Saturday, March 17, 2007

Rules of the House

1. My old buddy, Digby Wolfe, once married to a circus performer, brought me the wisdom of the Big Tent: No matter how good a juggler you are, the most you can hope to juggle at one time is eleven items. Okay to try to juggle twelve dishes, but the likelihood is that you'll be up to your ass in broken china.

2. The more serious I try to become, the funnier I appear. This is the number one reason why I am not a good academic.

3. The funnier I try to become, the more ridiculous I appear.

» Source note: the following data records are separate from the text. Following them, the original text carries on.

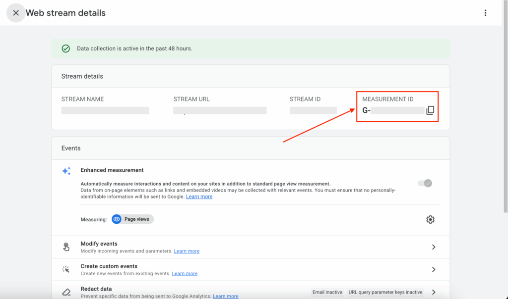 You’ll see a code that starts with “G-” — this is your unique Google Tag.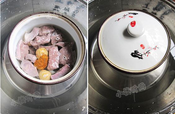 6、浸泡的猪肺捞起,滤净水,放入炖盅内,加入陈皮,冰糖和浸泡好的无花果,浸泡无花果的水也一起放入。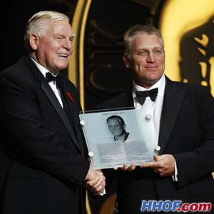 Chairman and Chief Executive Officer of the Hockey Hall of Fame Bill Hay presents 2009 Player Inductee Brett Hull with his Honoured Member plaque. (Dave Sandford/HHOF/Nov.9 2009)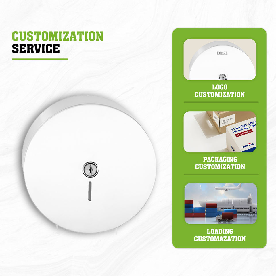 ที่ใส่กระดาษชำระแบบม้วนใหญ่ติดผนัง FANDA รุ่นโมเดิร์น ผลิตจากเหล็ก ทนทาน เป็นมิตรกับสิ่งแวดล้อม สีขาว สำหรับใช้ในสำนักงาน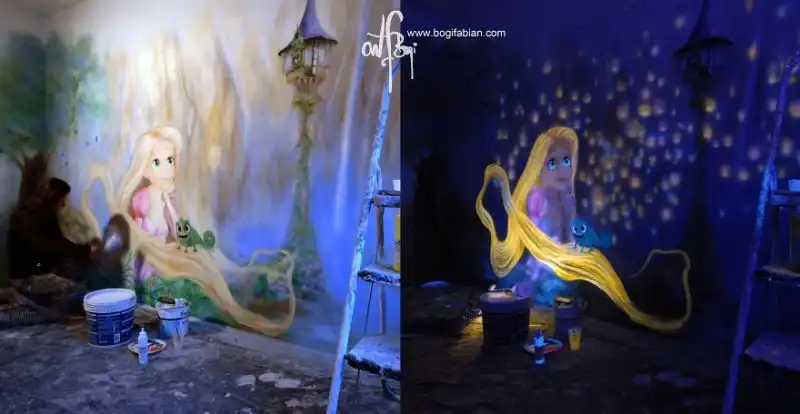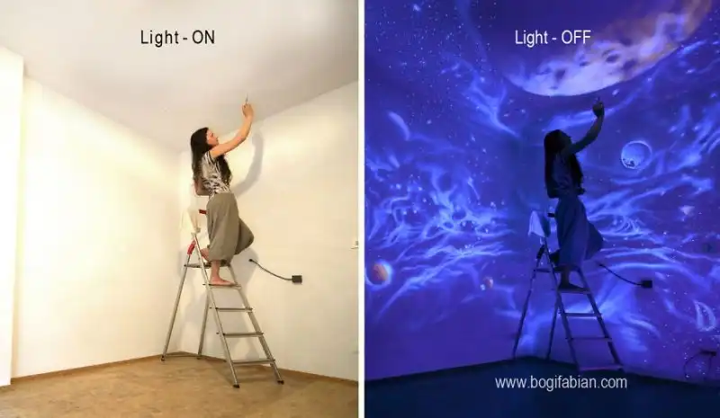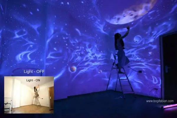 Боги Фабиан — необычная художница, занимающаяся настенной росписью. Большинство ее рисунков при дневном свете не представляют из себя ничего особенного. Зато, когда комната погружается в темноту, вы оказываетесь в новом и совершенно волшебном мире. Дело в том, что она создает свои рисунки с помощью специальных фосфоресцирующих красок.

Understanding this is the number one reason for my success editing academics.

4. In-house, which is to say salaried book editors tend to be young and although preternaturally bright, often have no awareness of political, sports, scientific, literary, or jazz icons oldet than twenty-five.

5. When a student calls me sir or professor, or holds the door open for me, it is a sign I have not properly engaged that student.

6. Most students and many editors think irony has to do with transferring drawings of rock stars to t-shirts by iron.

7. The restrooms in gas stations along Highway 101 are like settings for plays by Harold Pinter or David Mammet.

8. The field in which Dorothy Lange took her famous photo of the Farm Woman is now occupied by a Vons Supermarket.

9. Wisdom is material often painfully true but nevertheless information I am not able to use in a short story. It is the equivalent of unpercolated coffee. I can't put it to dramatic use until it becomes experience.

10. I can't use someone else's experience in a story until I have gotten over being jealous of it.

11. In a story, every character believes he or she is right.

12. The dark, adversarial characters are more interesting than the charactrs we think we like.